▸ Entries supplied
[Start of Attachment]

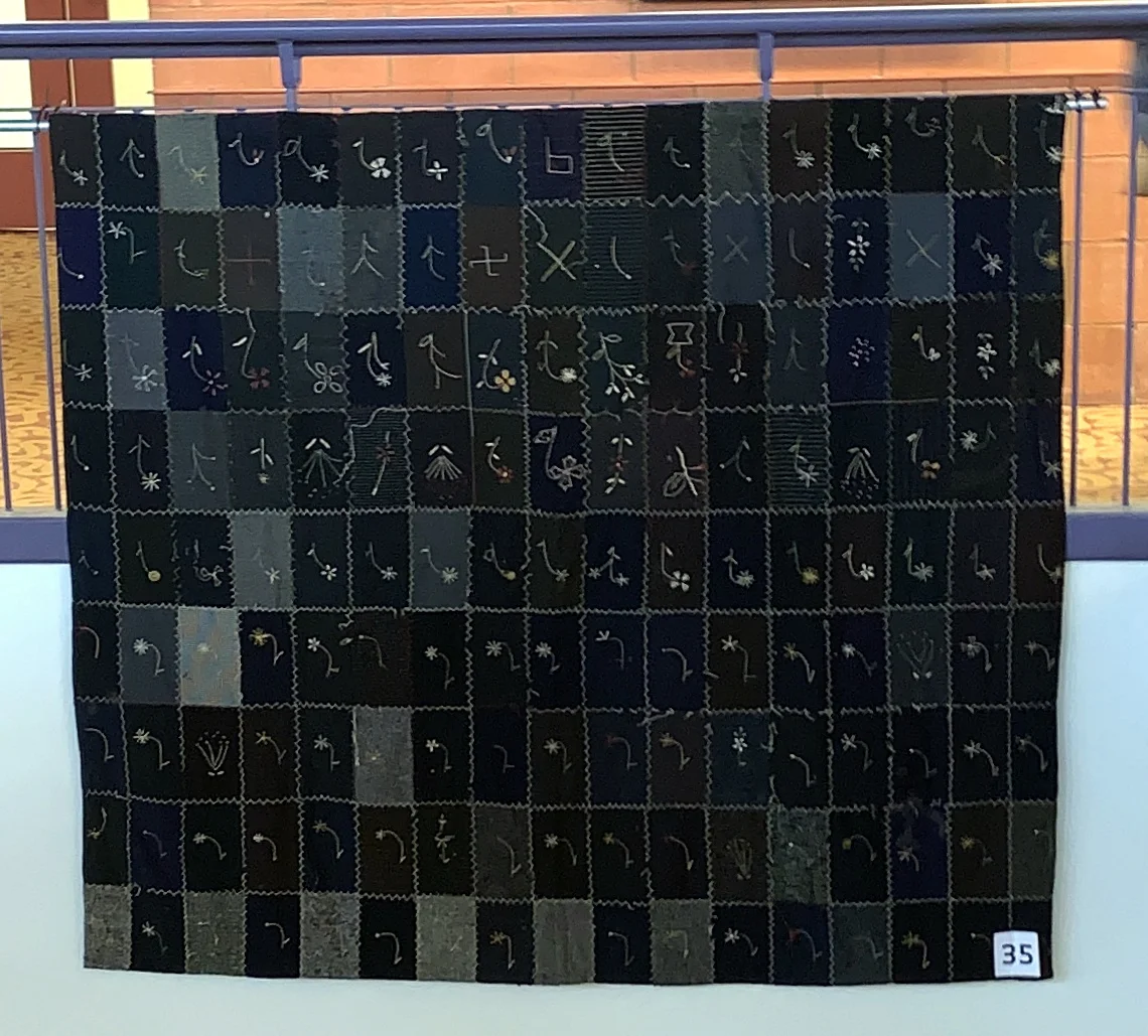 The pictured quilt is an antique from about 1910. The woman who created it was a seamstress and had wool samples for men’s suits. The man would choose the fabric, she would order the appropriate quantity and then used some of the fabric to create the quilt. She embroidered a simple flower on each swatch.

[End of Attachment]
[Start of Attachment]

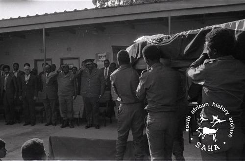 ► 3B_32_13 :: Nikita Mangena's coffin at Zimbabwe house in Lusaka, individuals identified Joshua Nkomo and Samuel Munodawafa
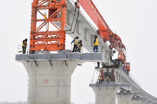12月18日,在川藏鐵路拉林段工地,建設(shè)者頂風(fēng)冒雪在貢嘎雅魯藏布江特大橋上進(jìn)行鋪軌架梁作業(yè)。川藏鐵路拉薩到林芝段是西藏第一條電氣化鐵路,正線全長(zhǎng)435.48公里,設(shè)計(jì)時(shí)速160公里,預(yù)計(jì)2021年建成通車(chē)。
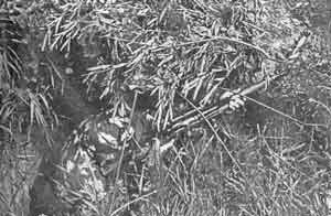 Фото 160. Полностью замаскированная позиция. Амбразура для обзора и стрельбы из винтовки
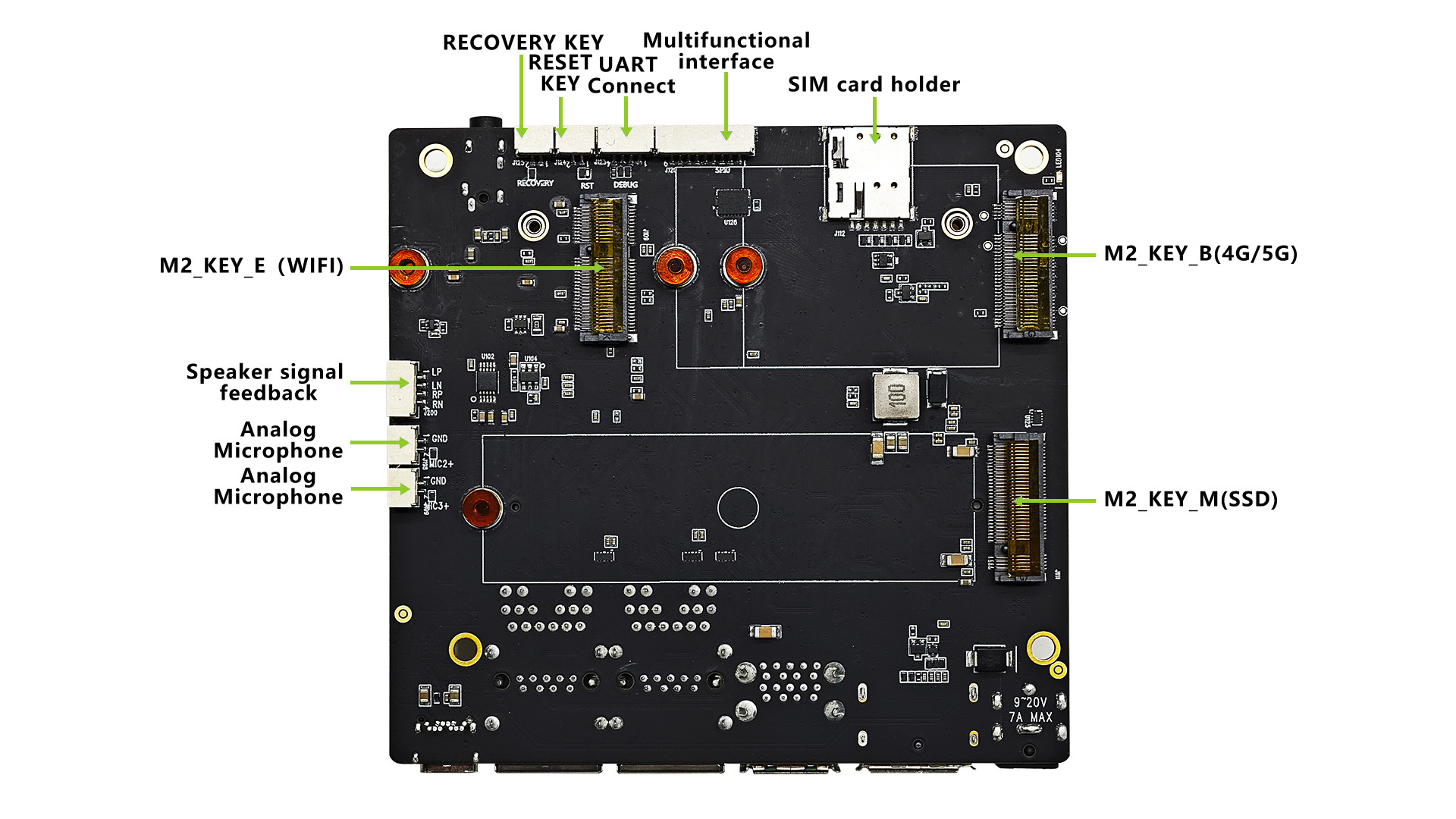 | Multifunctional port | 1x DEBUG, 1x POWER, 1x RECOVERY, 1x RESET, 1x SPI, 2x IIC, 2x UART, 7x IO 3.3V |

[End of Attachment]

▸ Work required
Reproduce the lines above beginning at the line that contains "and Samuel Munodawafa" and ending at the line that contains "7x IO 3.3V |". No pictures.

▸ Answer area
 ► 3B_32_13 :: Nikita Mangena's coffin at Zimbabwe house in Lusaka, individuals identified Joshua Nkomo and Samuel Munodawafa
12月18日,在川藏鐵路拉林段工地,建設(shè)者頂風(fēng)冒雪在貢嘎雅魯藏布江特大橋上進(jìn)行鋪軌架梁作業(yè)。川藏鐵路拉薩到林芝段是西藏第一條電氣化鐵路,正線全長(zhǎng)435.48公里,設(shè)計(jì)時(shí)速160公里,預(yù)計(jì)2021年建成通車(chē)。
 Фото 160. Полностью замаскированная позиция. Амбразура для обзора и стрельбы из винтовки
 | Multifunctional port | 1x DEBUG, 1x POWER, 1x RECOVERY, 1x RESET, 1x SPI, 2x IIC, 2x UART, 7x IO 3.3V |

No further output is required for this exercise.